Advancing the matter bispectrum estimation of large-scale structure: fast prescriptions for galaxy mock catalogues

Abstract: We investigate various phenomenological schemes for the rapid generation of 3D mock galaxy catalogues with a given power spectrum and bispectrum. We apply the fast bispectrum estimator \MODALLSS{} to these mock galaxy catalogues and compare to $N$-body simulation data analysed with the halo-finder \texttt{ROCKSTAR} (our benchmark data). We propose an assembly bias model for populating parent halos with subhalos by using a joint lognormal-Gaussian probability distribution for the subhalo occupation number and the halo concentration. This prescription enabled us to recover the benchmark power spectrum from $N$-body simulations to within 1\% and the bispectrum to within 4\% across the entire range of scales of the simulation. A small further boost adding an extra galaxy to all parent halos above the mass threshold $M>2\times10^{14}\,h^{-1} M_\odot$ obtained a better than 1\% fit to both power spectrum and bispectrum in the range $K/3<1.1\,h\,\text{Mpc}^{-1}$, where $K=k_1+k_2+k_3$. This statistical model should be applicable to fast dark matter codes, allowing rapid generation of mock catalogues which simultaneously reproduce the halo power spectrum and bispectrum obtained from $N$-body simulations.

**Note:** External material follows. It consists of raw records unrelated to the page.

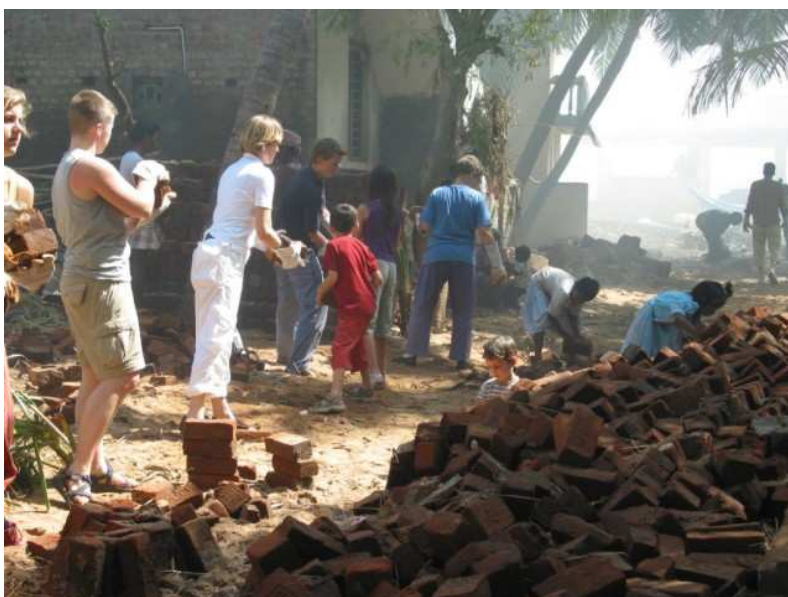
Clean-up operations in a fishing village.

In order to ensure the input of the affected villagers and to guarantee a need-based approach for all Auroville's activities, a Paalam (Tamil for 'Bridge') structure has been set up, in which each village or community is represented by one Panchayat member, one woman, one youth, and possibly one teacher. The Paalams meet every week and form an indispensable source of reflection and information on all projects.
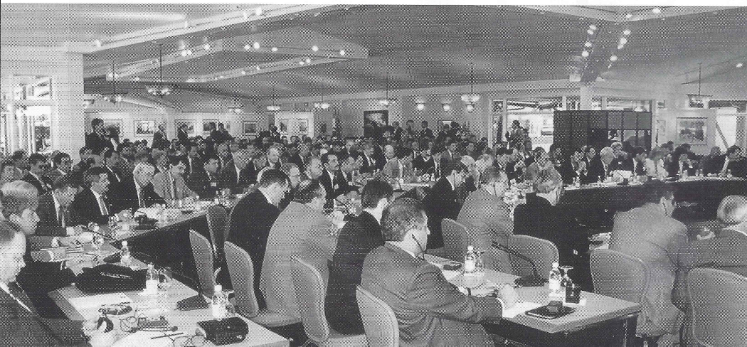
Some of the more than 300 participants of the 2 nd meeting of the Intergovernmental Economic Commission and the CUBI Canada-Ukraine Conference in Calgary.

and Gas Association, along the lines of the Canadian Petroleum Association, which would provide lobbying and marketing support in Ukraine.
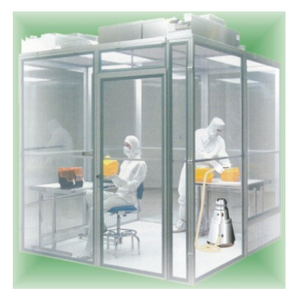
Clean Room Applications

pharmaceutical, blood, beer/wine filters and more!
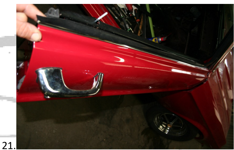
Install the new

Scrapers. You will notice two short scrapers (inner), and two longer scrapers (outer). They will be clipped for ease of install. In the triangular brace area you can use <u>3M weatherstrip adhesive</u> preferably black to secure the unclipped area.
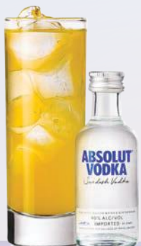
Vodka & Orange €9.50
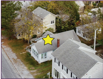
205 Midland Avenue - $950,000
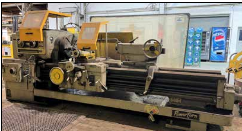
LODGE & SHIPLEY POWERTURN 2516 LATHE
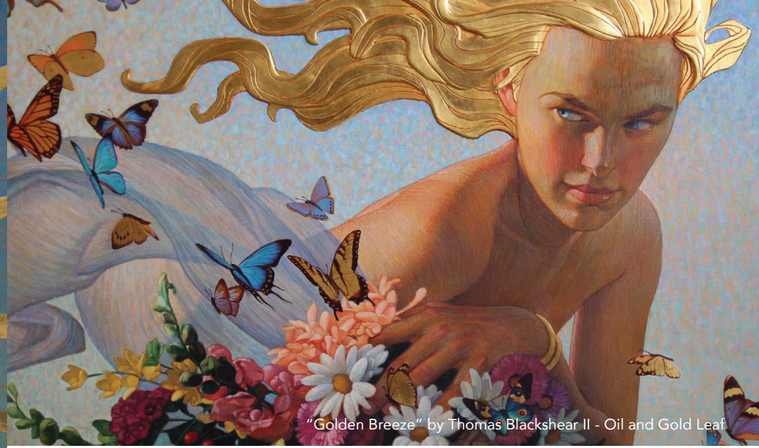
"Golden Breeze" by Thomas Blackshear II - Oil and Gold Leaf
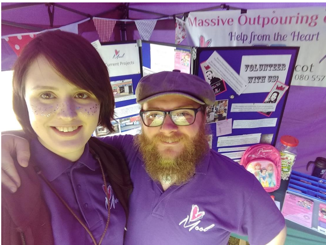
Eden Festival Outreach – June 2019
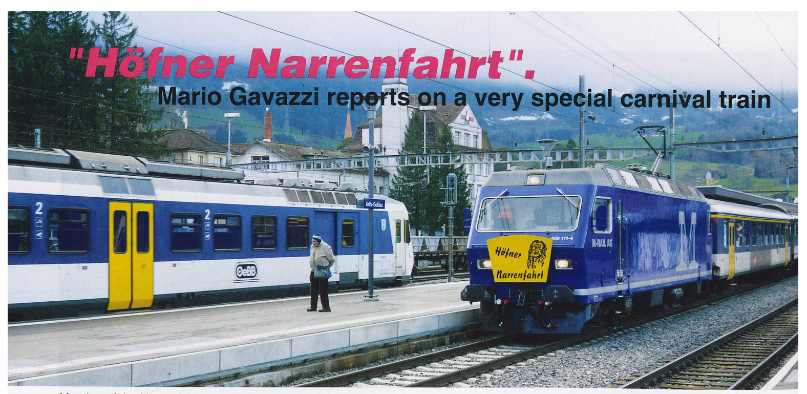
Meeting of the Narrenfahrt at Arth-Goldau with SOB-Voralpen-Express, operated by 'special guest' NPZ-RBDe 207 from Oensingen-Balsthal-Bahn.

o you know what carnival is? Of course you have heard of it. Very well known is the carnival in Venezia, or in Germany those at Mainz, Köln, München, etc., or the Rio de Janeiro one. Many regions in Switzerland also know this tradition. In the catholic Cantons the carnival season generally begins in January and, depending on the calendar, ends in February on the Dienstag (Tuesday) before "Aschermittwoch" - Shrove Tuesday and Ash Wednesday in Britain. It is then that carnival begins in several protestant Cantons like Basel Stadt or Schaffhausen. Carnival is a happening normally confined to individual towns and villages, but there is one important exception for people who love trains. The carnival committee of Wollerau, located on the Zürichsee in the Höfe district of Canton Schwyz between Samstagern and Pfäffikon, organises the start of the celebrations with a special train - the "Höfner Narrenfahrt" - Höfner Fools Ride! This is organised by SOB and the carnival committee, and from year to year its composition changes with usually a mix of SBB and SOB coaches. This year the composition was very colourful! Some ex-SBB-Bpm51 coaches (refitted as Bm), one NPZ-A, and two ex-SNCF luggage coaches, acquired years ago by the SBB to carry cycles. These were used as "Bar Coaches", whilst the train was hauled by Re 456 111-4 of M-Rail AG.
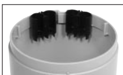
A01 – Trap/Filter Holder (Shipped Separately)
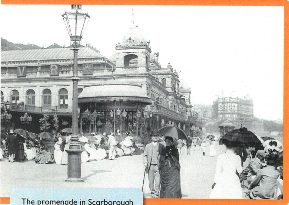
The promenade in Scarborough one hundred years ago.

Long ago families walked along the promenade . This is the path along the seafront. Here they listened to a band or relaxed in deckchairs. There were also funfairs and merry-go-rounds.
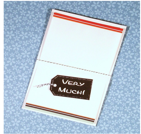
Inside of RED card
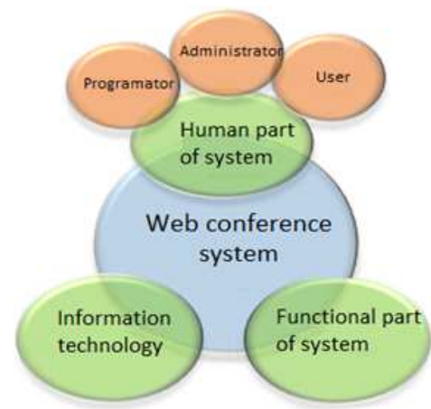
Figure 1 Parts of web conference system

Basic elements of web conference systems are human part of the system, functional part, software and information technologies [4]. On the lower levels of hierarchy can be these elements considered as independent systems which consist of other elements as shown in Figure 1.
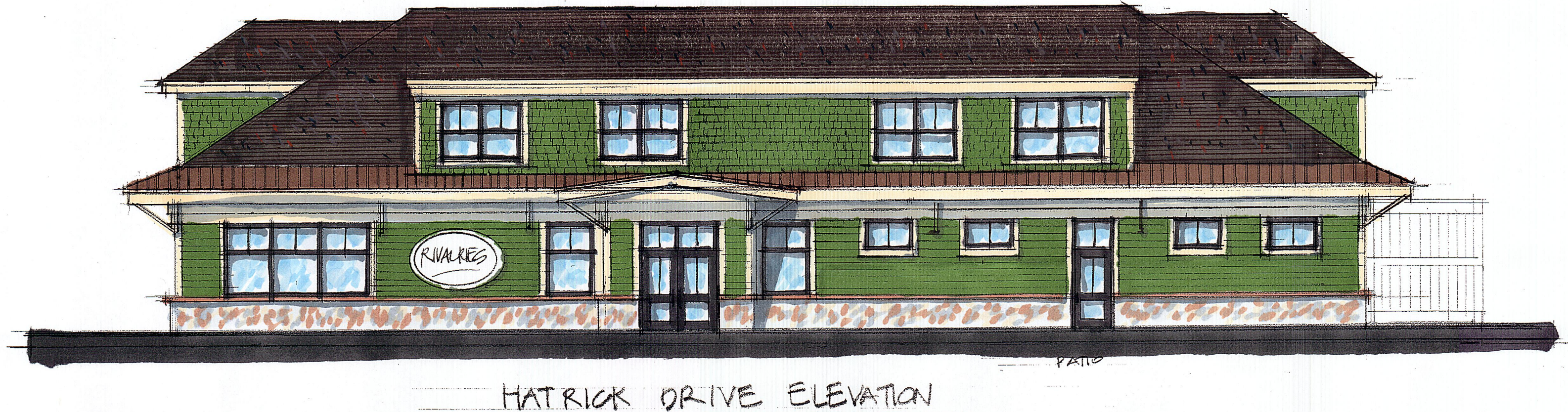
HATRICK DRIVE ELEVATION
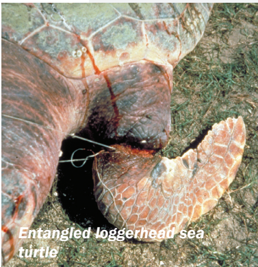
Entangled loggerhead sea turtle

Sea turtles are air-breathing reptiles that are well adapted to life in the marine environment. They inhabit tropical and subtropical ocean waters throughout the world. Of the seven species
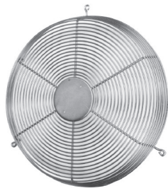
Blower Inlet Guard Assembly

NOTE: The blower inlet guard and belt guard assemblies (see Figure 1 ) together are option CD10. The blower inlet guard assembly when ordered separately is option CD12.

We also investigate alternative schemes using the Halo Occupation Distribution (HOD) which depend only on halo mass, but these yield results deficient in both the power spectrum (2\%) and the bispectrum (>4\%) at $k,K/3 \approx 0.2\,h\,\text{Mpc}^{-1}$, with poor scaling for the latter. Efforts to match the power spectrum by modifying the standard four-parameter HOD model result in overboosting the bispectrum (with a 10\% excess). We also characterise the effect of changing the halo profile on the power spectrum and bispectrum.